Managing Director Georgieva said, "A future with low growth rates and high debt, which is hard to accept, is predicted," adding, "Public debt in many countries is much higher than before the COVID-19 pandemic and continues to increase."


Earlier, the IMF forecasted in a report released on the 14th that the global public debt will surpass $100 trillion for the first time ever by the end of this year. Not only developing and low-income countries but also advanced economies like the United States are currently paying a significant portion of their tax revenues as interest on debt repayments.


Georgieva pointed out, "Politicians prefer fiscal expansion over fiscal consolidation, making debt control difficult," and added, "Even fiscally conservative parties have developed a habit of borrowing money." She warned that a potential economic shock "will definitely come and could arrive sooner than we expect," urging the reduction of debt and rebuilding of fiscal buffers to respond to it.


She also reiterated the need to lower trade barriers being erected by countries including the United States.


Georgieva warned, "(Trade barriers) are like pouring cold water on an already lukewarm global economy," and cautioned that rising trade tensions, including tariff increases, will reduce growth rates. She further suggested, "We should not take global tensions for granted," and proposed, "Let us lower geopolitical temperatures and focus on challenges we can solve together."

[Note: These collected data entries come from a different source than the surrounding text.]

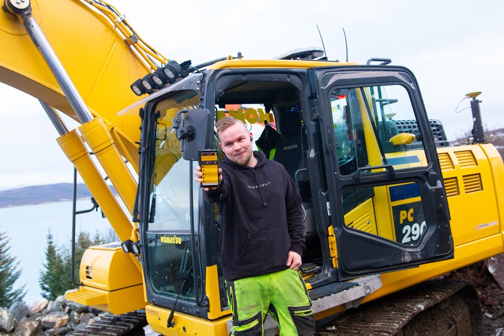 Mathias Pedersen er maskinfører i selskapet og bruker SmartDok daglig. Akkurat nå er han som de fleste av selskapets maskinførere på plass på Solneset for å gjøre grunnarbeidet ferdig.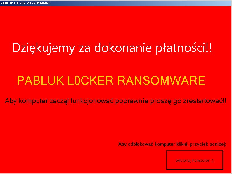 #ScreenLocker UnlockCode=pabluk400 https://www.virustotal.com/en/file/68f7d9c38e8ee8d04bbdd11534eb227f030a2f71f1bae572f0da12298cbf0af6/analysis/ … So many Polish#malware seen recently ¯\_(ツ)_/¯pic.twitter.com/GGLNzGGpew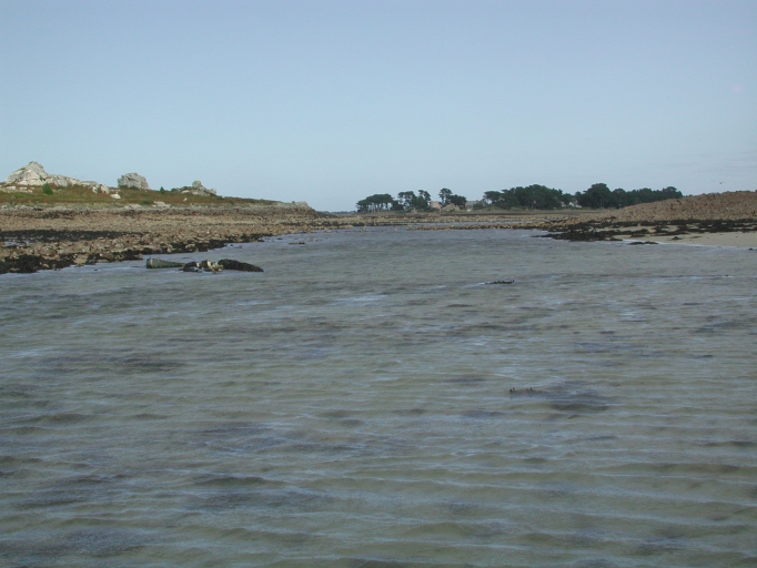 Vue du double barrage de la pêcherie entre l'île Saint-Gildas et l'île MarquerImmatriculation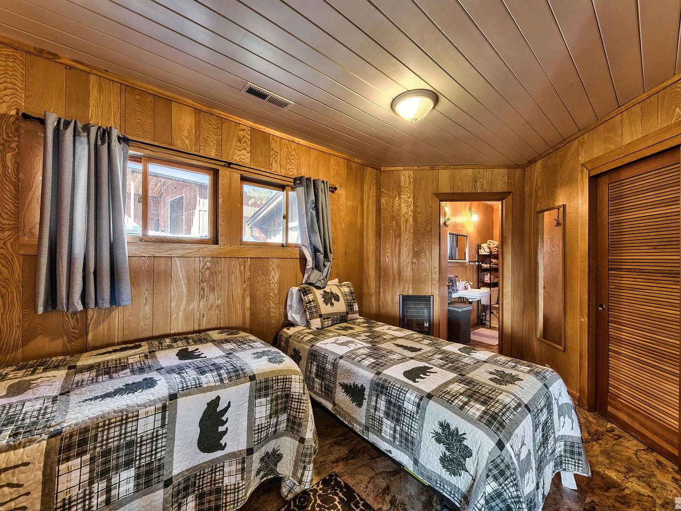 This charming kid’s bedroom features two cozy twin beds, each dressed in delightful bear-patterned quilts. The rich wood paneling creates a warm, inviting atmosphere, while the soft grey curtains gently frame the windows, allowing ample natural light to brighten the space. Thoughtfully designed for comfort and functionality, the room includes a stylish wooden closet and an adjoining nook that offers easy access to additional storage. The earthy color palette harmonizes with the outdoor-inspired decor, adding a touch of rustic charm. With its ample space for play and relaxation, this bedroom is perfect for a growing family.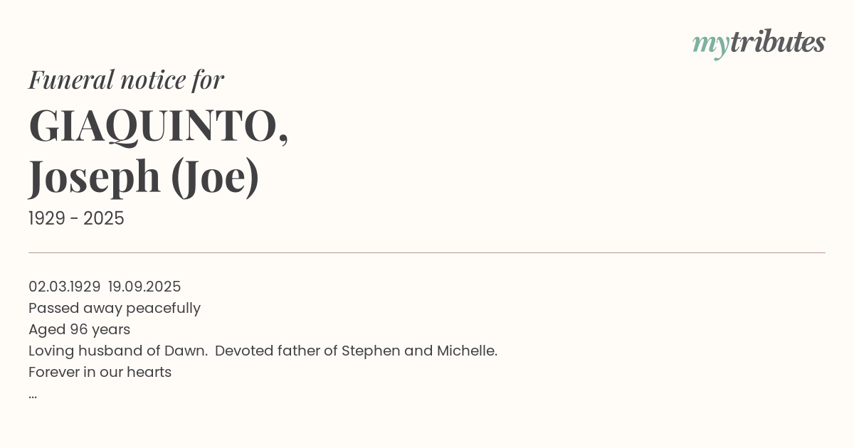 Relatives and friends of Mr Joseph Giaquinto are advised a funeral service to celebrate his life will be held on Wednesday October 8, 2025 commencing at 1.00pm.

This statement came amid growing concerns that global trade conflicts will intensify ahead of the U.S. presidential election on November 5. Donald Trump, the Republican presidential candidate and former president, has pledged to impose a universal tariff of up to 20% on all imports worldwide and a 60% tariff on Chinese goods if he wins the election. The Biden administration has maintained the previous administration's tariff hikes on China and additionally imposed high tariffs. In May, tariffs on strategic industrial items such as Chinese electric vehicles and solar panels were raised to as high as 100%.


Meanwhile, U.S. Treasury Secretary Janet Yellen criticized former President Trump's universal tariff pledge, saying, "Broad tariffs without (specific) targets will raise costs for American households and weaken corporate competitiveness." In a speech distributed ahead of her participation in a Council on Foreign Relations (CFR) discussion held in New York that day, she stated, "The idea of imposing high tariffs on both allies and competitors, or viewing even our closest allies as trading partners to isolate the U.S. (from the world), is fundamentally wrong," adding, "It means that the problems we face?such as supply chain disruptions, climate change and global pandemic preparedness, and China's overproduction?cannot be addressed in the same way as in the past."